## Data for analysis
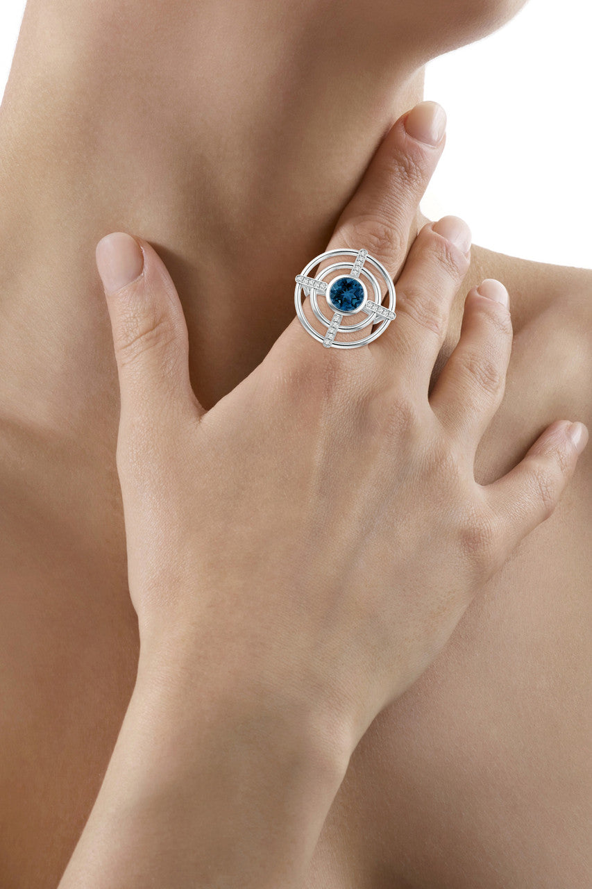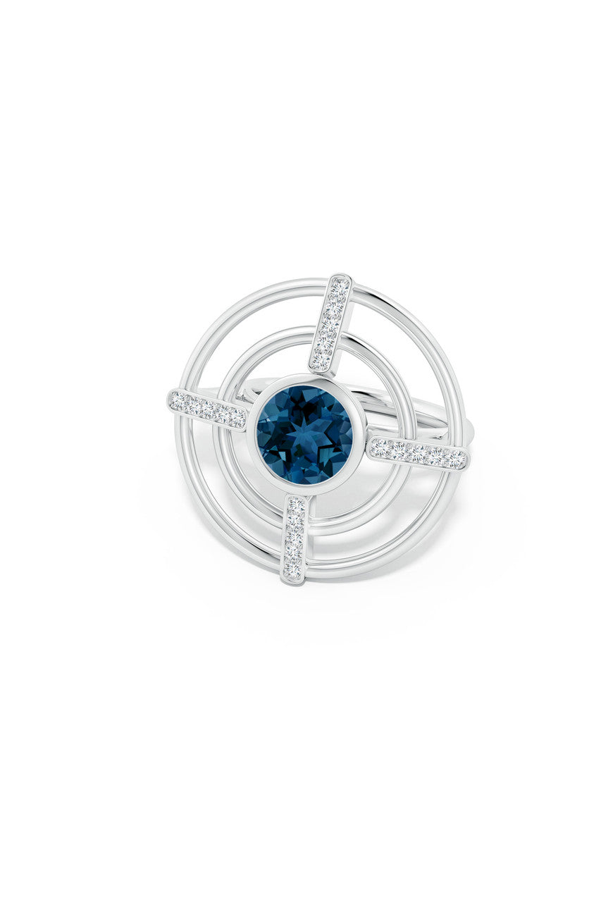 Infinity Concentric Circle 14K Gold and London Blue Topaz Ring
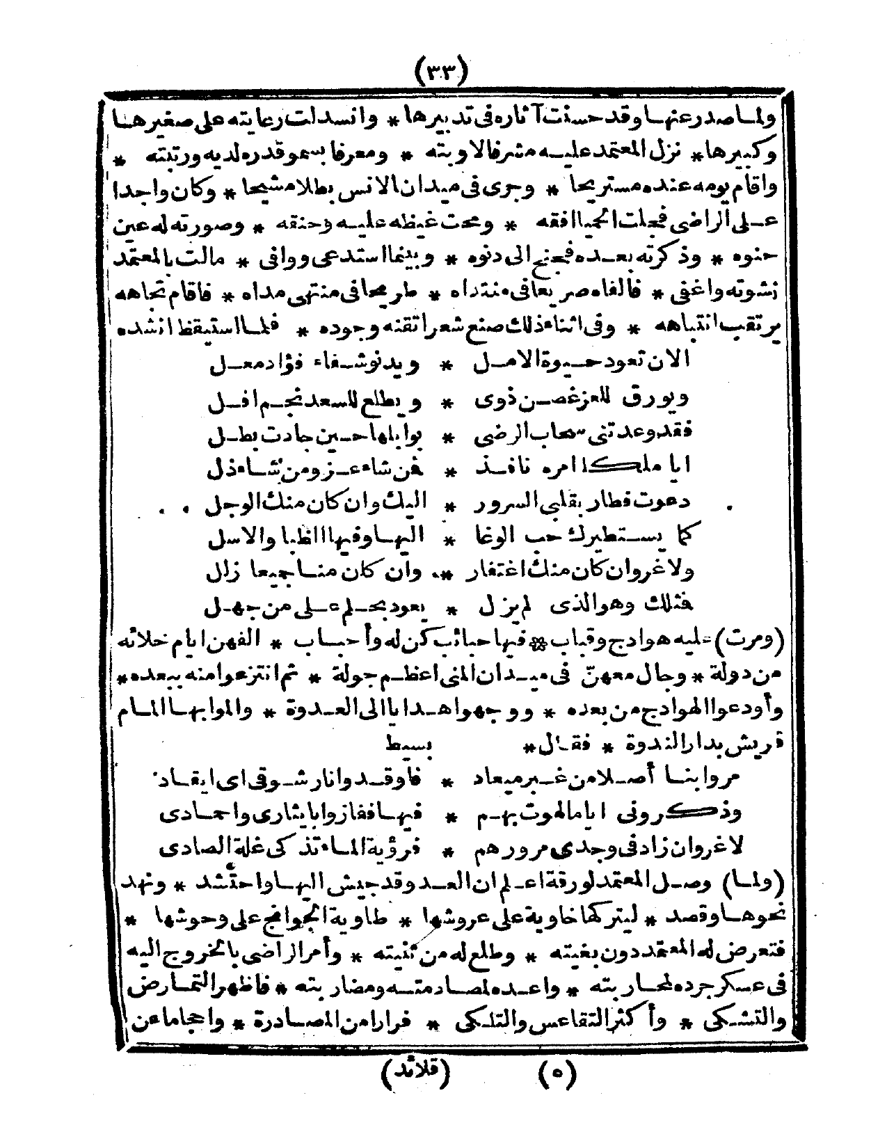 ولما صدر عنها وقد حسنت آثاره في تدبيرها، وانسدلت رعايته على صغيرها وكبيرها، نزل المعتمد عليه مشرفاً لأوبته، ومعرفاً بسمو قدره لديه ورتبته، وأقام يومه عنه مستريحاً، وجرى في ميدان الأنس بطلاً مشيحاً، وكان واجداً على الراضي فجلت الحميا أفقه، ومحت غيظه عليه وحقنه، وصورته له عين حنوة، وذكرته بعده فجنح إلى دنوه، وبينما استدعي ووافى، مالت بالمعتمد نشوته وأغفى، فألفاه صريعاً في منتداه، طريحاً في منتهى مداه، فأقام تجاهه، يرتقب انتباهه، وفي أثناء ذلك صنع شعراً أتقنه وجوده، فلما استيقظ أنشده: متقارب
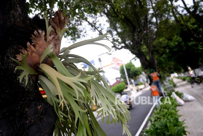Namun di jalur pedestrian Jl Suroto, Yogyakarta, bunga anggrek cantik menghiasi jalanan ini. Menempel pada pohon peneduh sebagai tanaman inangnya.
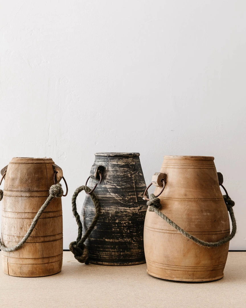 A vintage accent suitable for a variety of styles and uses. Can be used as a vessel for dried flowers or a standalone decorative object, they are sure to complement any space. Hand carved with natural imperfections. Style on a book case or mantle alongside books and a storage basket… just a thought!
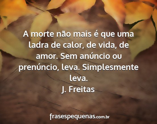 A morte não mais é que uma ladra de calor, de vida, de amor. Sem anúncio ou prenúncio, leva. Simplesmente leva.J. Freitas
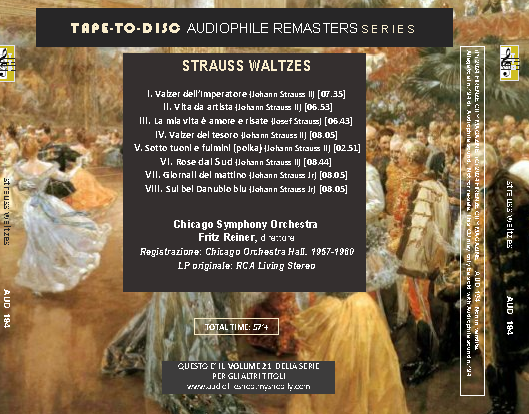 Allegato al n. 194 Strauss - Valzer e Polka Fritz Reiner - Chicago Symphony Orchestra I - Valzer dell'Imperatore op.437 [Johann Strauss] (07.35) II - Vita da Artista op.316 [Johann Strauss] (06.53) III - La mia Vita è Amore e Risate op 263 [Joseph Strauss] (06.43) IV - Valzer del Tesoro op.418 [Johann Strauss] (08.05) V - Sotto Tuoni e Fulmini op.324 - polka - [Johann Strauss II] (02.41) VI - Rose del Sud Op.388 [Johann Strauss II] (08.44) VII - Giornali del Mattino op.279 [Johann Strauss jr] (08.05) VIII - Sul bel Danubio blu op.314 [Johann Strauss jr] (08.05)
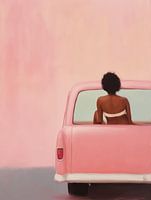 Chillen auf der Rückbank des Autos. Ein besonderer Blickfang für Ihr Interieur! Porträt einer Frau, von hinten gesehen, auf dem Rücksitz eines rosa Autos.
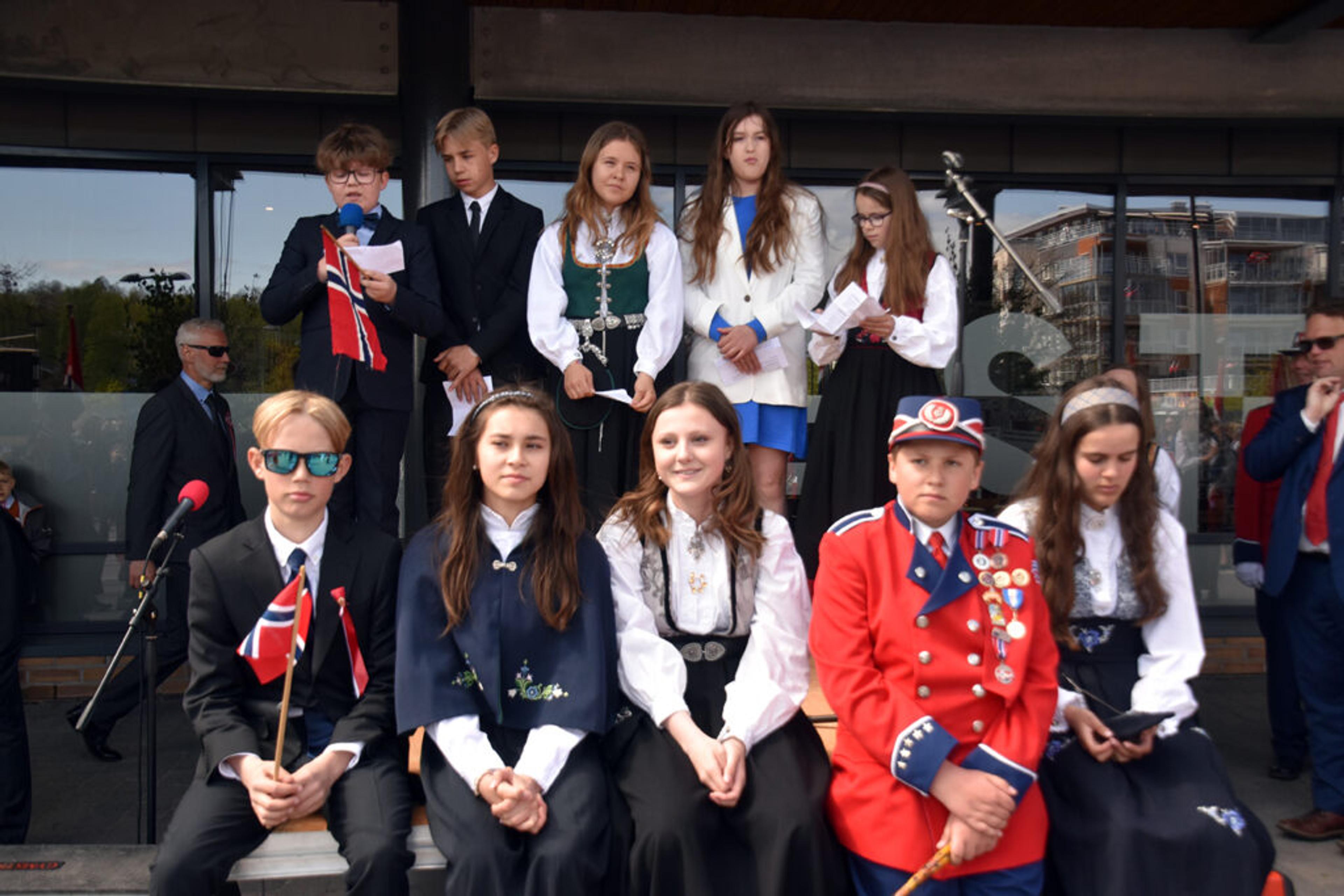 TALERE: Fra Solerød skole Matilde Aurora Sande-Larsen og vara Jamila Bougicha, fra Bjerkely skole Jørgen Marinius Silseth og vara Martin Kaasa, fra Ramnes skole William Fagerheim Bjørang og vara Aron Leander Grønvold, fra Røråstoppen skole Ingrid Bøe Røste og vara Theodor Eia Linnestad, fra Kirkevoll skole Evestina Baceviciute og vara Mathea Victoria Gjøstøl Solberg. Foto: Stian Ormestad, ReAvisa.
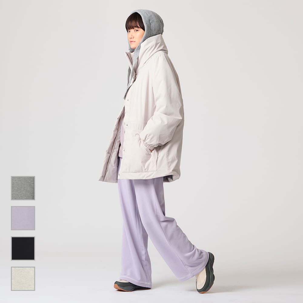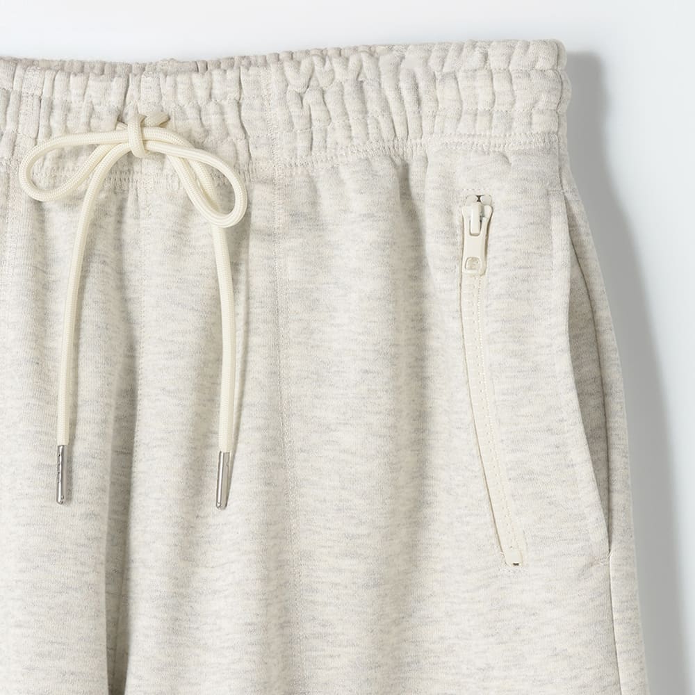 扱いやすさにこだわっており、毎日気兼ねなく使いやすいアイテム。裾部分に備えたドローコードで、好みのシルエットに調節が可能。ウエストはゴム仕様と腰ひもを備えており、快適な穿き心地。合わせるアイテムを選ばない、シンプルな無地のデザイン。ファスナー付きのポケットで、持ち物の落下を防止。
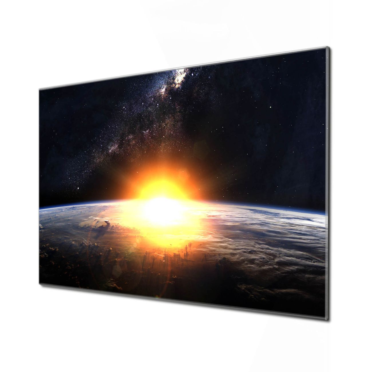 Unsere einzigartigen Glasbilder im Querformat von banjado mit Motiv Sonne im Weltall sind der absolute Hingucker! Unsere Banjado Glasbilder sind sehr begehrt, weil sie top verarbeitet sind und sich ganz leicht montieren lassen. Schon mit wenigen Handgriffen hängen sie an der Wand und strahlen mit höchster brillianz. Durch die Ramenlose Herstellung schwebt das Echtglasbild förmlich an der Wand. Das Motiv erscheint besonders ausdrucksstark und hochwertig und ist hinter dem Echtglas geschützt.
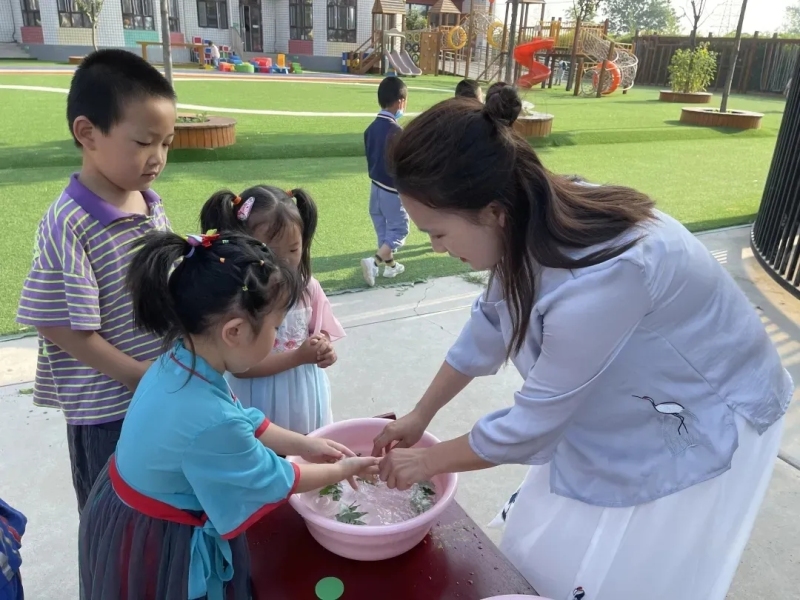 北屯幼兒園開展了一系列節慶主題教育活動。清晨,孩子們踩著帶露水的艾草進入校園,這種習俗在一些地方被稱為“打露水”,因為艾露可以驅蟲,所以此舉有祈福禳災的含義。
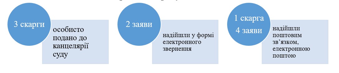 За категорією запитувачів звернення громадян надійшли від фізичних осіб, 2 звернення надійшли за належністю для розгляду в межах повноважень від ДСА України та 1 скарга отримана через Телефонну "гарячу лінію" ДСА України.
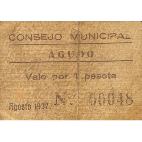 CONSEJO MUNICIPAL AGUDO Vale por 1 peseta Agosto 1937. (Translation: Municipal Council Agudo Valid for 1 Peseta August 1937.) |
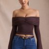 Slip into relaxed luxury with the Pavni top. Made from soft and luxe modal-cashmere blend with breathable, temperature-regulating properties and cloud-like softness, it’s cut to a figure-defining bodycon silhouette, framed with an off-shoulder ruched neckline and long flared sleeves, perfect for pairing with a coordinating maxi skirt or jeans for a dressed-up casual vibe.
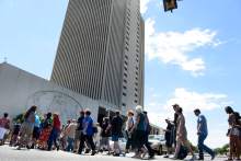 After gathering at City Creek Park, participants crossed North Temple and State Street to deliver their resignation letters to the LDS Church Office Building.
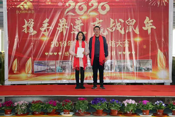 凯华2019年度总结暨表彰大会今日胜利召开,公司总经理冯庆凯总结回顾了过去一年的工作,表彰在生产、销售和其他各项工作中做出突出成绩的先进集体和先进个人。向一年来辛勤奋战生产和销售第一线为“凯华”发展作出巨大贡献的可敬的员工同志们,向为公司的发展默默奉献的各位员工家属们致以诚挚的问候和新年的祝福!向受到表彰的集体和个人表示衷心的祝贺。 2019年,凯华所有员工的努力获得了肯定,颁发了优秀员工奖15名,精英贡献奖4名,销售业绩奖2名,优秀部门奖2个,收获满满!感谢所有的凯华人!感谢所有支持帮助凯华的朋友们,2020年让东升国际 不忘初心,逐梦前行!

## What you need to do
Before duplicating the entries above, strip out the pictures and keep the rest exact.

## Answer to this exercise
 Infinity Concentric Circle 14K Gold and London Blue Topaz Ring
 ولما صدر عنها وقد حسنت آثاره في تدبيرها، وانسدلت رعايته على صغيرها وكبيرها، نزل المعتمد عليه مشرفاً لأوبته، ومعرفاً بسمو قدره لديه ورتبته، وأقام يومه عنه مستريحاً، وجرى في ميدان الأنس بطلاً مشيحاً، وكان واجداً على الراضي فجلت الحميا أفقه، ومحت غيظه عليه وحقنه، وصورته له عين حنوة، وذكرته بعده فجنح إلى دنوه، وبينما استدعي ووافى، مالت بالمعتمد نشوته وأغفى، فألفاه صريعاً في منتداه، طريحاً في منتهى مداه، فأقام تجاهه، يرتقب انتباهه، وفي أثناء ذلك صنع شعراً أتقنه وجوده، فلما استيقظ أنشده: متقارب
Namun di jalur pedestrian Jl Suroto, Yogyakarta, bunga anggrek cantik menghiasi jalanan ini. Menempel pada pohon peneduh sebagai tanaman inangnya.
 A vintage accent suitable for a variety of styles and uses. Can be used as a vessel for dried flowers or a standalone decorative object, they are sure to complement any space. Hand carved with natural imperfections. Style on a book case or mantle alongside books and a storage basket… just a thought!
 A morte não mais é que uma ladra de calor, de vida, de amor. Sem anúncio ou prenúncio, leva. Simplesmente leva.J. Freitas
 Allegato al n. 194 Strauss - Valzer e Polka Fritz Reiner - Chicago Symphony Orchestra I - Valzer dell'Imperatore op.437 [Johann Strauss] (07.35) II - Vita da Artista op.316 [Johann Strauss] (06.53) III - La mia Vita è Amore e Risate op 263 [Joseph Strauss] (06.43) IV - Valzer del Tesoro op.418 [Johann Strauss] (08.05) V - Sotto Tuoni e Fulmini op.324 - polka - [Johann Strauss II] (02.41) VI - Rose del Sud Op.388 [Johann Strauss II] (08.44) VII - Giornali del Mattino op.279 [Johann Strauss jr] (08.05) VIII - Sul bel Danubio blu op.314 [Johann Strauss jr] (08.05)
 Chillen auf der Rückbank des Autos. Ein besonderer Blickfang für Ihr Interieur! Porträt einer Frau, von hinten gesehen, auf dem Rücksitz eines rosa Autos.
 TALERE: Fra Solerød skole Matilde Aurora Sande-Larsen og vara Jamila Bougicha, fra Bjerkely skole Jørgen Marinius Silseth og vara Martin Kaasa, fra Ramnes skole William Fagerheim Bjørang og vara Aron Leander Grønvold, fra Røråstoppen skole Ingrid Bøe Røste og vara Theodor Eia Linnestad, fra Kirkevoll skole Evestina Baceviciute og vara Mathea Victoria Gjøstøl Solberg. Foto: Stian Ormestad, ReAvisa.
 扱いやすさにこだわっており、毎日気兼ねなく使いやすいアイテム。裾部分に備えたドローコードで、好みのシルエットに調節が可能。ウエストはゴム仕様と腰ひもを備えており、快適な穿き心地。合わせるアイテムを選ばない、シンプルな無地のデザイン。ファスナー付きのポケットで、持ち物の落下を防止。
 Unsere einzigartigen Glasbilder im Querformat von banjado mit Motiv Sonne im Weltall sind der absolute Hingucker! Unsere Banjado Glasbilder sind sehr begehrt, weil sie top verarbeitet sind und sich ganz leicht montieren lassen. Schon mit wenigen Handgriffen hängen sie an der Wand und strahlen mit höchster brillianz. Durch die Ramenlose Herstellung schwebt das Echtglasbild förmlich an der Wand. Das Motiv erscheint besonders ausdrucksstark und hochwertig und ist hinter dem Echtglas geschützt.
 北屯幼兒園開展了一系列節慶主題教育活動。清晨,孩子們踩著帶露水的艾草進入校園,這種習俗在一些地方被稱為“打露水”,因為艾露可以驅蟲,所以此舉有祈福禳災的含義。
 За категорією запитувачів звернення громадян надійшли від фізичних осіб, 2 звернення надійшли за належністю для розгляду в межах повноважень від ДСА України та 1 скарга отримана через Телефонну "гарячу лінію" ДСА України.
 CONSEJO MUNICIPAL AGUDO Vale por 1 peseta Agosto 1937. (Translation: Municipal Council Agudo Valid for 1 Peseta August 1937.) |
 Slip into relaxed luxury with the Pavni top. Made from soft and luxe modal-cashmere blend with breathable, temperature-regulating properties and cloud-like softness, it’s cut to a figure-defining bodycon silhouette, framed with an off-shoulder ruched neckline and long flared sleeves, perfect for pairing with a coordinating maxi skirt or jeans for a dressed-up casual vibe.
 After gathering at City Creek Park, participants crossed North Temple and State Street to deliver their resignation letters to the LDS Church Office Building.
 凯华2019年度总结暨表彰大会今日胜利召开,公司总经理冯庆凯总结回顾了过去一年的工作,表彰在生产、销售和其他各项工作中做出突出成绩的先进集体和先进个人。向一年来辛勤奋战生产和销售第一线为“凯华”发展作出巨大贡献的可敬的员工同志们,向为公司的发展默默奉献的各位员工家属们致以诚挚的问候和新年的祝福!向受到表彰的集体和个人表示衷心的祝贺。 2019年,凯华所有员工的努力获得了肯定,颁发了优秀员工奖15名,精英贡献奖4名,销售业绩奖2名,优秀部门奖2个,收获满满!感谢所有的凯华人!感谢所有支持帮助凯华的朋友们,2020年让东升国际 不忘初心,逐梦前行!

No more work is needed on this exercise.